О «партийности» в исследованиях левого русского авангарда

   Хотя заявленная тема, разумеется, не нова и специально исследовалась рядом западных и российских ученых, ее разработанность на данный момент следует признать недостаточной и односторонней. Прежде всего надо упомянуть важнейшие по нашей теме работы И. Смирнова, Е. Добренко, О. Ханзена-Леве, Б. Гройса, Г. Гюнтера, И. Кондакова, И. Есаулова, Б. Хазанова, А. Аггева, К. Кантора, С. Хан-Магомедова и многих других. Остается актуальной диссертация и вышедшая впоследствии книга А. Мазаева о производственном искусстве[6]. Относительно недавно изданы специально посвященные феномену производственничества и литературы факта книги итальянской исследовательницы М. Заламбани, следующей методологии школы Ю. Лотмана[7].
   Однако большинству доступных нам на сегодняшний день исследований этого феномена мешает явная или неявная идеологичность подходов, лишающая их авторов возможности беспристрастного анализа проблематики русского левого авангарда. Речь идет о как бы вывернутой наизнанку «партийности» исследовательских установок, которые могут внешне выглядеть как академически нейтральные и умеренно либеральные. При традиционном интересе к комфутуризму и русскому авангарду на Западе его стараются представлять либо как модернистскую альтернативу «коммунистическо-сталинскому» культурному проекту, либо как преамбулу к последующему уже в 1930-е годы застыванию левого искусства в соцреалистическом каноне. Особенно это характерно для исследований, выполненных в рамках западной славистики.

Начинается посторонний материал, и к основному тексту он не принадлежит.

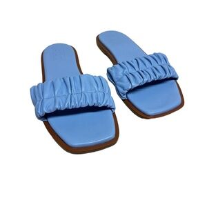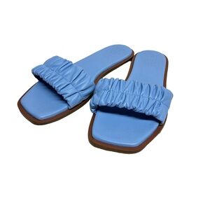 NWOB resouL Womens 41 Sandals Blue Slide Ruched Leather Square Toe Italian Beach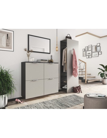 Væghængt skoskab i mdf og møbelplade H93,2 x B104,9 cm - Grafitgrå/Creme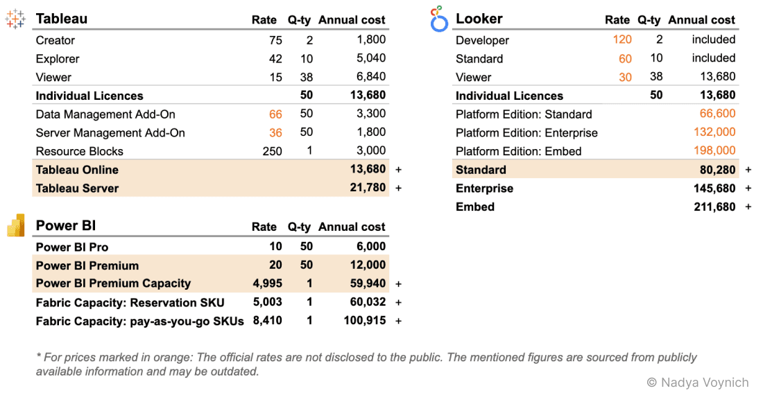 Thus, for individual professionals, Power BI and Looker Studio are the most cost-effective solutions.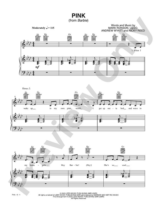 Composer: Andrew Wyatt, Lizzo, Mark Ronson, Ricky ReedArranger: Instrumentation: PVGGrade: Publisher: Alfred MusicPage Count: 6Format: Digital PDF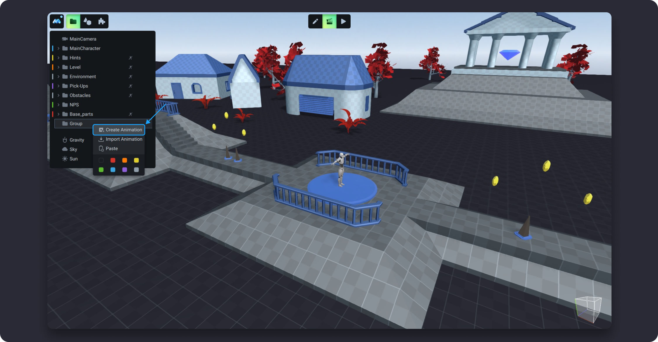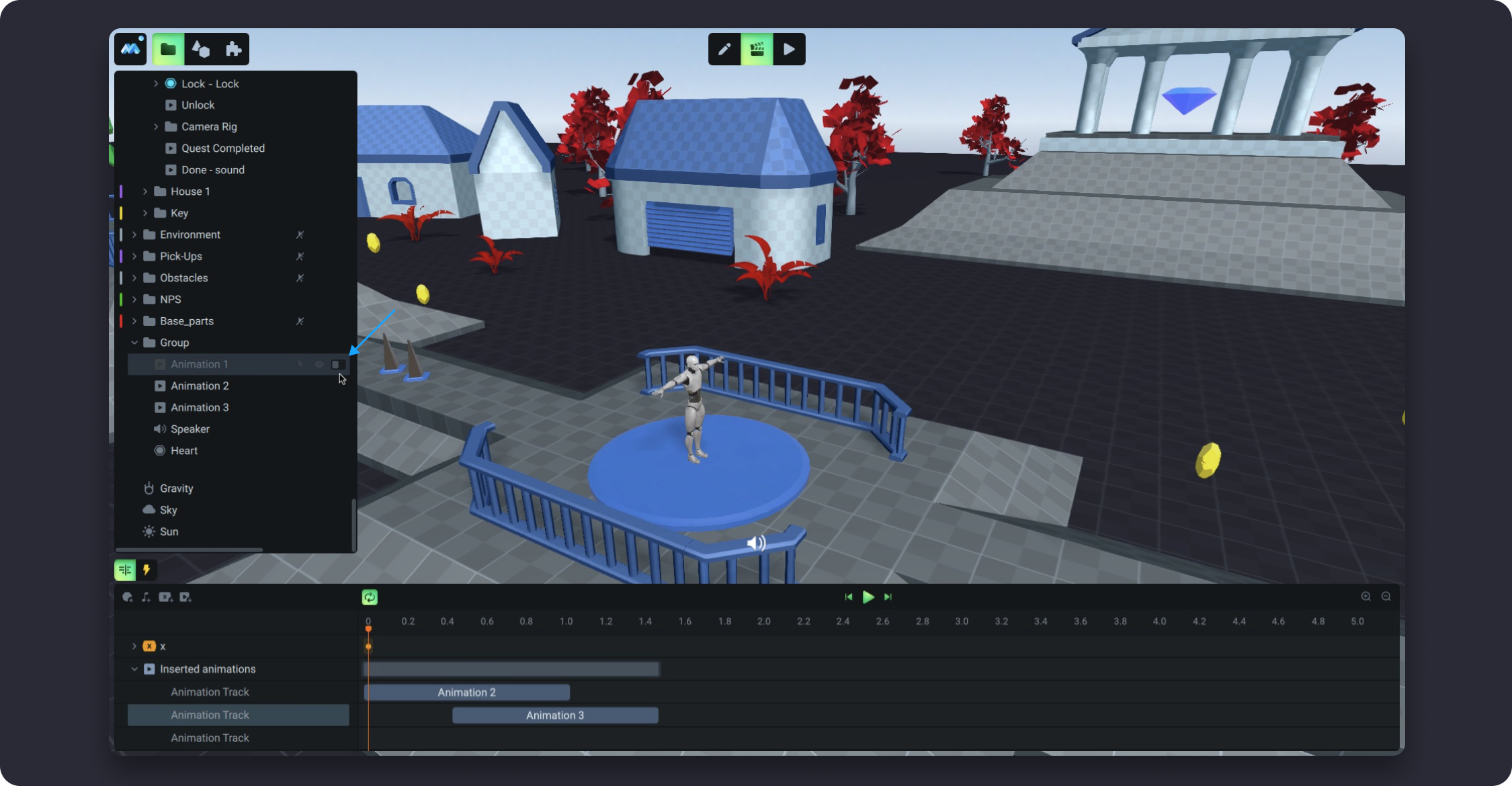 When you create an animation, it is enabled by default. However, if you need to disable an animation you can do it by hovering over the animation in the scene tree and switching off the toggle switch on the right of the animation. After that this animation will not play in Game mode.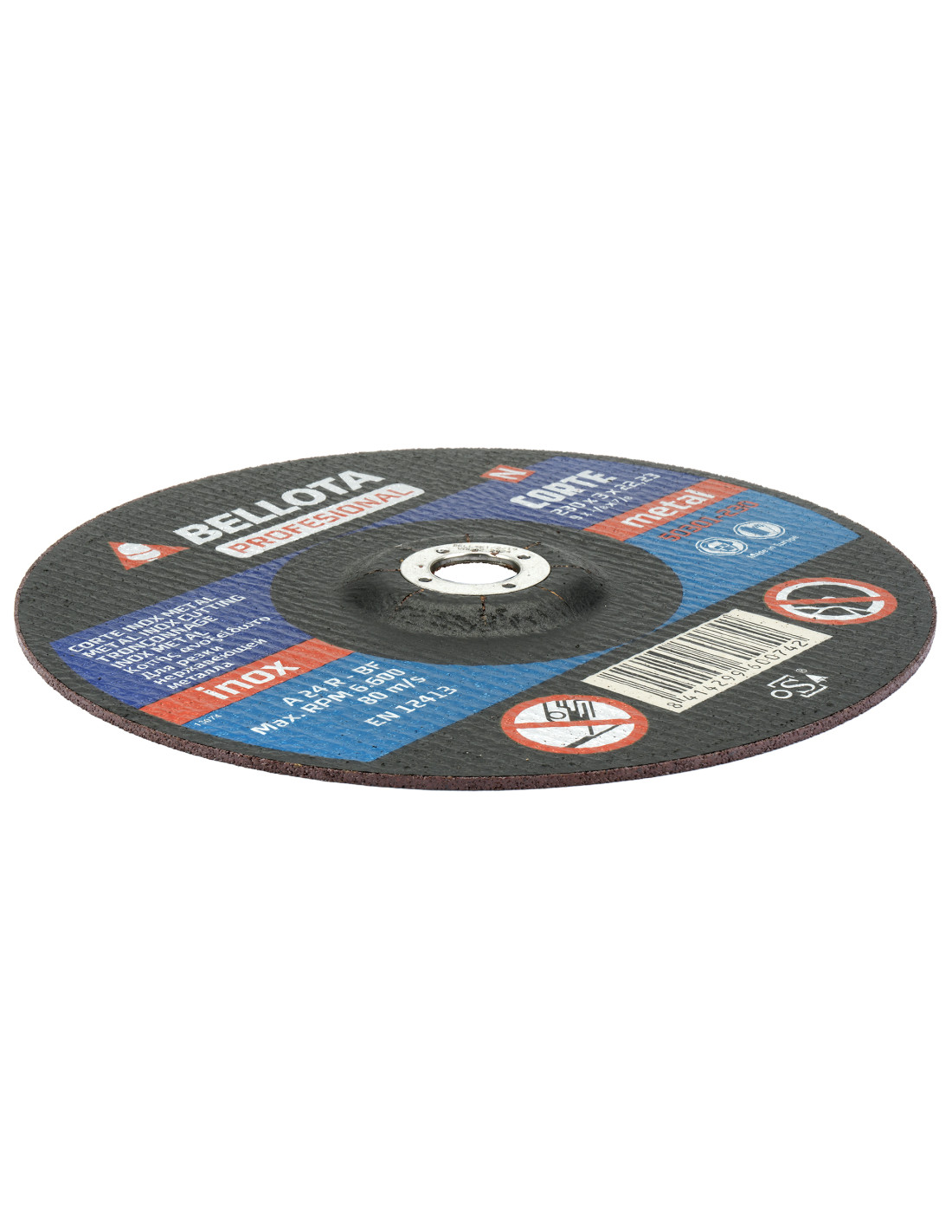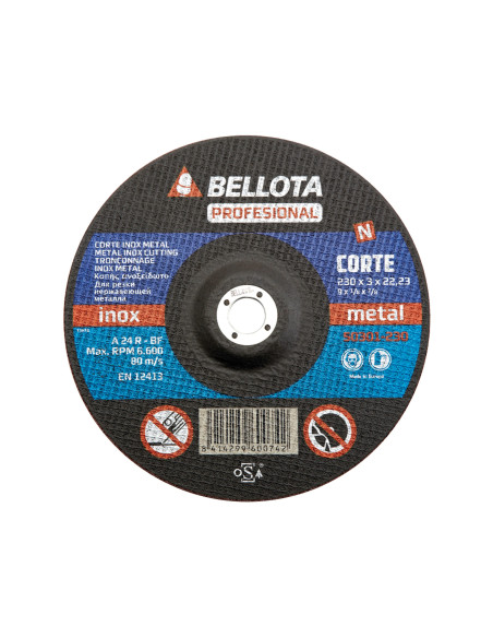 Disco abrasivo profesional para inox-metal, espesor de 3 mm para un corte firme y seguro. Cumplen norma UNE EN 12413 de seguridad. Uso en amoladoras angulares portátiles.

   Такая позиция, на наш взгляд, неявно признает довольно грубые тезисы марксистско-ленинской философии, такие, например, как определенность различных форм сознания материальным и общественным бытием и отнесение искусства и литературы к так называемой надстройке, различным видам идеологии, мешая даже элементарно разобраться в исторических фактах. Большинство оценок левого литературного авангарда, кроме незначительного числа работ, являются в терминах шпионского языка простой дезинформацией, которая в свое время служила хотя бы понятным идеологическим целям, а сегодня выглядит как какой-то инертный антисоветизм. Большинство исследователей исходят из резкого противопоставления политического и поэтического, причем, пусть и негативно, в пользу политического. Даже если поэтике отводится автономная роль и придается прямо-таки «божественное» значение, политика оказывается как бы не ее делом.

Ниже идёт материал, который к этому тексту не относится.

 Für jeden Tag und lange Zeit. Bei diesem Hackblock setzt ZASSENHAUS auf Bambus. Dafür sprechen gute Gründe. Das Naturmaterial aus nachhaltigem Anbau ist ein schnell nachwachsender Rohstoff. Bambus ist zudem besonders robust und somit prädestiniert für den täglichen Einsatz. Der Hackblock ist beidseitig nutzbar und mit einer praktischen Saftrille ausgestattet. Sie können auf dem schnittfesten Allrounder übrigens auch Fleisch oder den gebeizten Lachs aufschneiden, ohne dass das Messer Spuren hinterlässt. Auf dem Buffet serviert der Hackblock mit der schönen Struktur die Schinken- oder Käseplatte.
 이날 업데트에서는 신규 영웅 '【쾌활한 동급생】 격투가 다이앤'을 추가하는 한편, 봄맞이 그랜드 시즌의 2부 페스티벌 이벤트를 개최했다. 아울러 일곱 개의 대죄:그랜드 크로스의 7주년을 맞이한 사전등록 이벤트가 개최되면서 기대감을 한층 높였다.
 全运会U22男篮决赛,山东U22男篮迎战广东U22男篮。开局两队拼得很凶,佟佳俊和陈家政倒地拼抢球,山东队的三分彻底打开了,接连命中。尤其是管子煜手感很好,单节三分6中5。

   Подобной пристрастности лишены разве что фундаментальные работы Оге А. Ханзена-Леве «Русский формализм» [Ханзен-Леве, 2001], «Мифопоэтический символизм» [Ханзен-Леве, 2003] и др., которым мы обязаны самим интересом к проблематике художественных теорий 1920-х годов. Существует несколько достойных работ по общей теории и отдельным представителям авангарда, к которым мы обращались в процессе написания этой книги. Это прежде всего следующие работы: П. Бюргер «Theory of the Avant-Garde» [Bürger, 1974]; В. Турчин «По лабиринтам авангарда» [Турчин, 1993]; Т. Гланц «Ви́дение русских авангардов» [Гланц, 1999]; С. Хан-Магомедов «Конструктивизм – концепция формообразования» [Хан-Магомедов, 2003]; А. Горных «Формализм: От структуры к тексту и за его пределы» [Горных, 2003]; Е. Бобринская «Русский авангард: границы искусства» [Бобринская, 2006]; Е. Деготь «Борьба за знамя. Советское искусство между Троцким и Сталиным 1926–1936» [Деготь, 2009]; Е. Андреева «Казимир Малевич. Черный квадрат» [Андреева, 2010] и др.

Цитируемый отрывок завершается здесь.